# another guy asking advice about women's bikes



## josephr (Jun 17, 2010)

Yep...another guy asking about women's bikes...

Both riders are about 5'5" and have 29in inseams...

I've got a bike to donate parts, but might look at buying a complete bike if that's what works...budget/cost is a concern, but I'm way before that...my daughter has been mountain biking some and now seems open to road biking and my wife hasn't really enjoyed mtn biking on the hardtail she has and is adverse to the idea of spending money on a full-suspension. So, the idea here is a road bike with minimal adjustment that both could ride since they're similar in size.

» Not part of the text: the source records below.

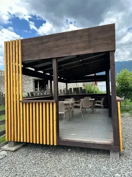 На территории обустроена закрытая парковка для путешествующих на автомобиле. Также имеются меблированные беседки и мангальная зона.
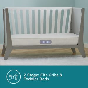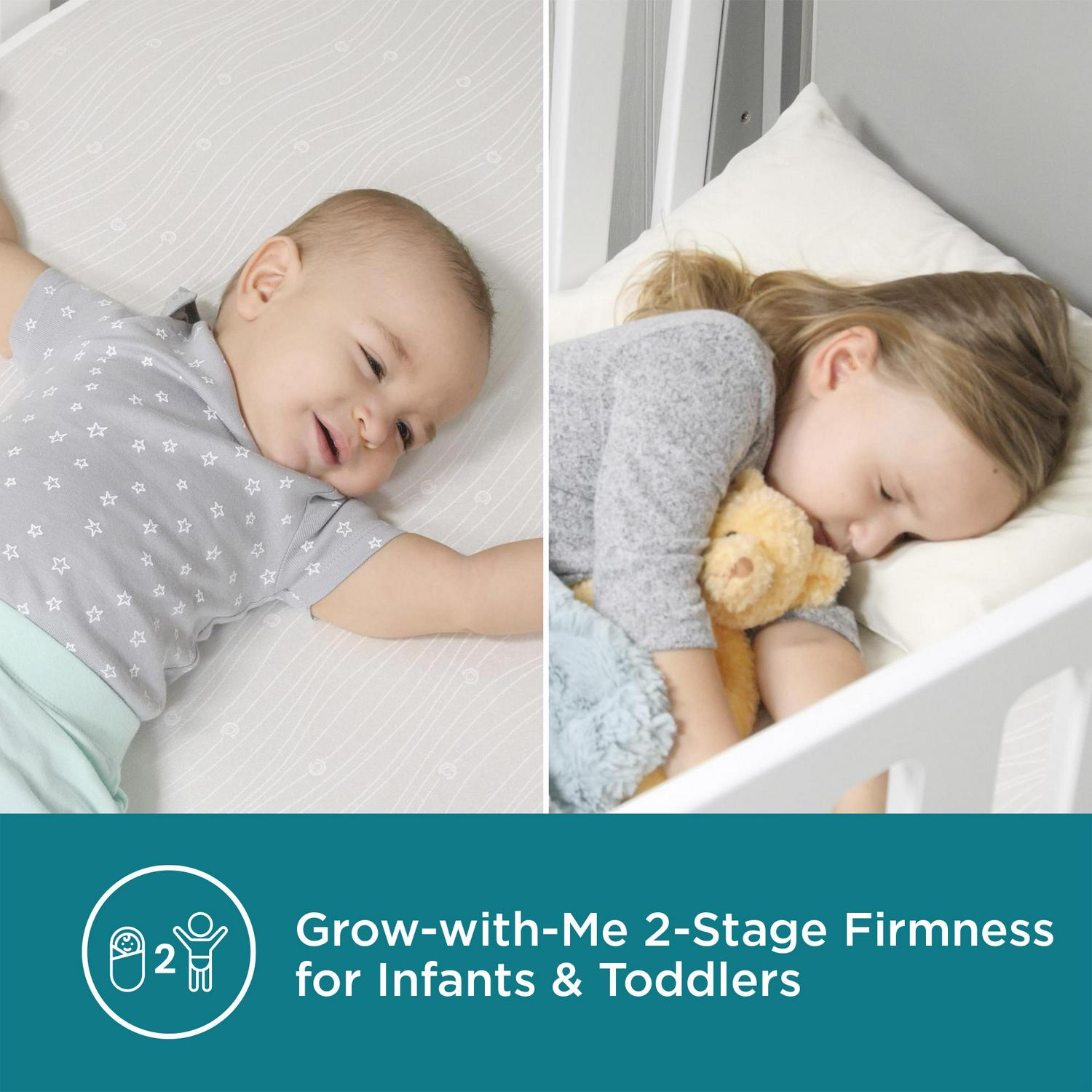 – Designed into a premium 2-stage crib and toddler mattress with a firmer infant side and a softer toddler side.
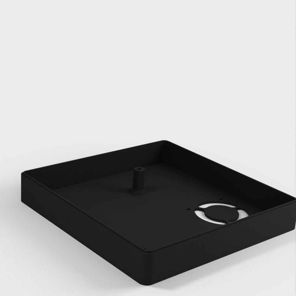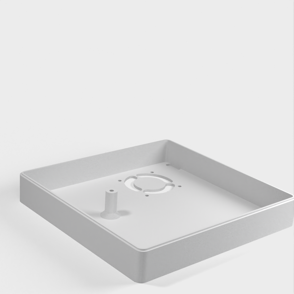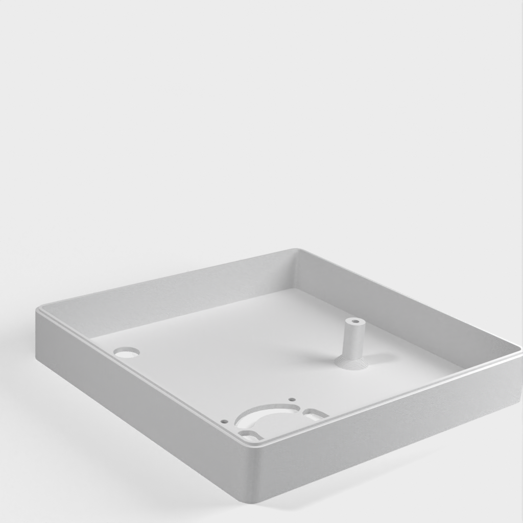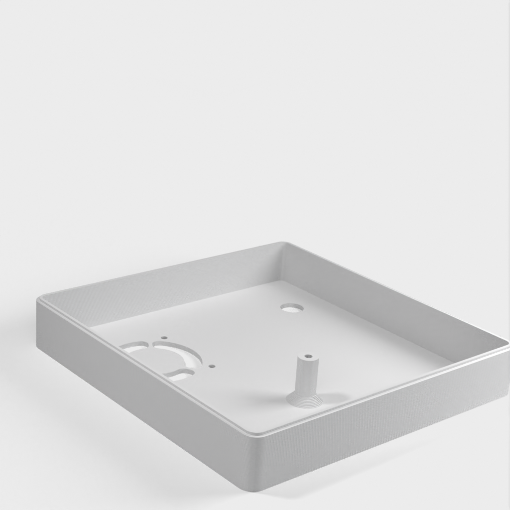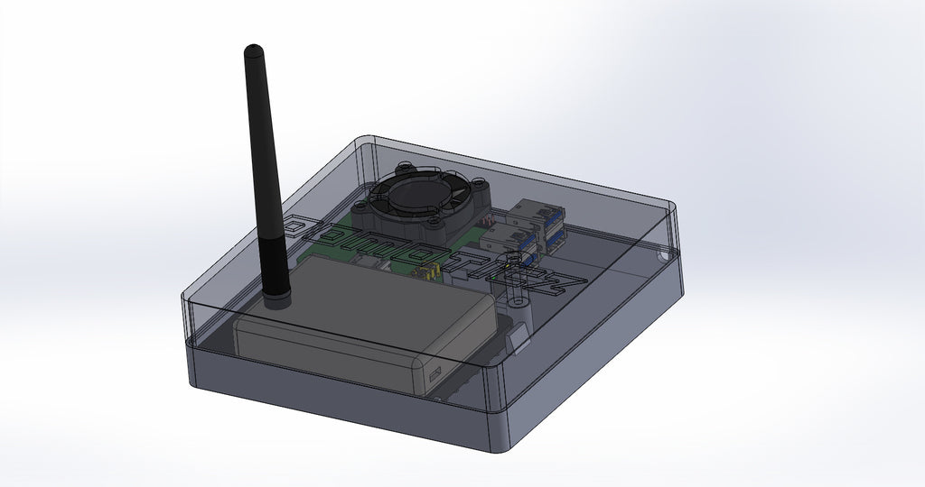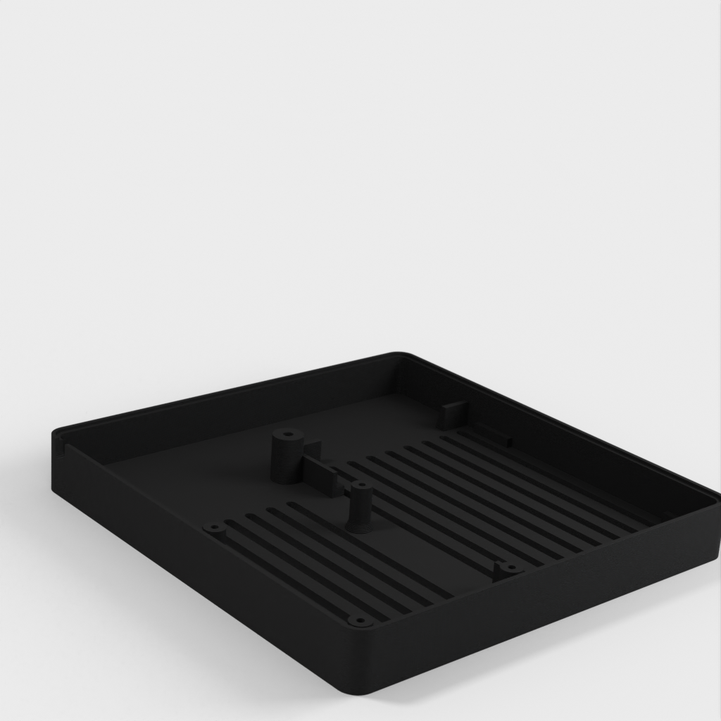 Caja personalizada para Domoticz que contiene Raspberry Pi, Pi Drive, RFX.com, Aeon stick z wave. Se debe montar un ventilador de 40 mm en la tapa superior. Recuerde añadir almohadillas debajo de la caja para asegurar una refrigeración óptima. Los cambios se han hecho de acuerdo a los dibujos técnicos, incluyendo el cambio de la ubicación de los agujeros de la frambuesa y la elevación de la mesa de la frambuesa. Parte de la cubierta superior se ha hecho más delgada para permitir la visualización del estado de los LED a través de material transparente.
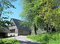 • The farm at house no. 1 consists of a stone house built into the hill with an arched stone door casing bearing the year 1841 and a votive niche above this, a barn with a loft covered with a steep gabled roof, and a double hayrack with a votive niche in its stone column. It stands along the road to Three Kings' Peak, east of Jereb Hill (Slovene: Jerebov grič).[14]
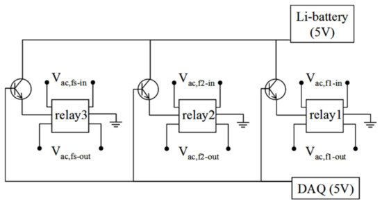 The circuits of the electric switches are illustrated in Figure 3. Each coil set contained three switches, and each switch comprised one low-noise bipolar junction transistor (BJT) (C1815, UTC, New Taipei City, Taiwan) and one low-noise relay (G6K-2P-Y, Omron Corporation, Kyoto, Japan). The low noise BJT was as a buffer to isolate the DAQ noise from pickup coil and the input coil surrounding the SQUID sensor. It efficiently improved the automatically adjusted time for the unlock states of the SQUID sensor. Relays 1 and 2 (Figure 3) transferred ac voltages from the ac signal generator to excitation coils 1 and 2, respectively. Relay 3 transferred the ac signal from the sample to the flux-coupling component. Activation of the relay was controlled with the BJT, which had a power of 5 V and contained a data-acquisition (DAQ) card (PCI-6221, National Instruments, Austin, TX, USA). The DAQ card output a direct current (dc) of 5 V to the BJT, and the dc voltage generated by the Li battery was applied to the relay. The relay was activated, and either the ac voltage from the ac signal generator was transferred to the excitation coil, or the sample-induced ac signal was transferred to the flux-coupling component. Once the 5-V dc from the DAQ card was stopped, the relay was also stopped. Subsequently, no ac voltage or signal was transferred through the relay. Relays 1 and 2 were inside switch box 1, and relay 3 was inside switch box 2.
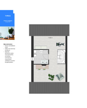 De tweede verdieping biedt diverse indelingsopties. Door het toevoegen van dakkapellen aan de voor- en/of achterzijde kun je hier twee ruime kamers creëren, ideaal voor een extra slaapkamer of een thuiskantoor.
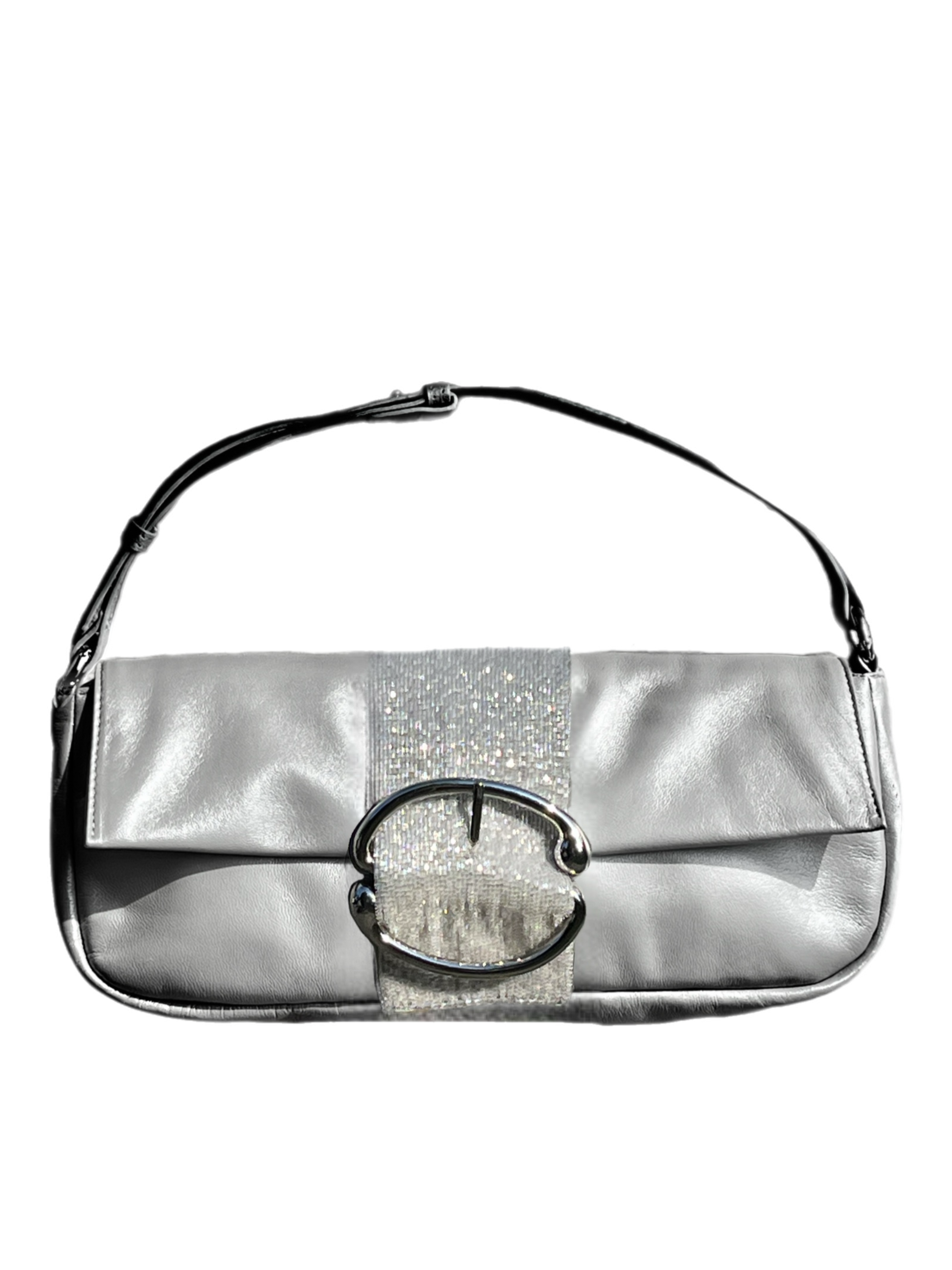 Our Beaded Platinum Baguette features shimmering iridescent beads that captures the light beautifully. Crafted from buttery soft pearlized leather with a plush suede interior and a removable strap that lets you switch effortlessly from day to night.

We're in Birmingham, AL and while cycling is gaining ground, we're still not a cycling city or large enough to where the retailers will carry full lines of women's rides...they'll have a few, but finding a deal on a used bike will take some work. Still, there's plenty of choices if I take my time and be diligent....

before starting though...questions:
1) Is a WSD style frame over a unisex/smaller men's frame a smart idea?
2)The bike calculators are saying 50cm is where to start....if we go used, should this be what I look for when looking for potentials?
3) Any other suggestions?

Thanks so much for the help!!!
Joe

P.S. FWIW- I did browse this forum and read some older posts from guys asking about gals' bikes, but didn't really seem to answer my question(s). I'm just trying to make the best situation possible cause they're looking to me to do the research.


----------



## kris7047th (May 18, 2013)

That sounds like my measurements. Both of my bikes are WSD. I am right at the cusp between small and medium. I have long legs (most womens pants are too short for me) I also had knee surgeries long ago and I have to have the saddle up a tad higher than what others probably would to extend the knee for my comfort. 

My road bike is a 48 cm Specialized Dolce Sport compact. You should probably start there, not at 50cm


----------



## aureliajulia (May 25, 2009)

Keep in mind that a 50 men's or unisex is much larger than a 50 women's.

Also, if they have shorter arms, a women's bike with a high head-tube might be preferable. If longer arms, then a unisex may be better. 

You are also lumping every bike brand and design together. I can fit both men's and women's, depending on the brand and geometry. 

They need to go on some test rides, or you are going to end up with an ill-fitting bike that no one rides.


----------



## il sogno (Jul 15, 2002)

If these women are long-legged/short torso'd then you should concentrate on looking at WSD designs. I'm 5'4" and I ride 48cm and 49 cm bikes.


----------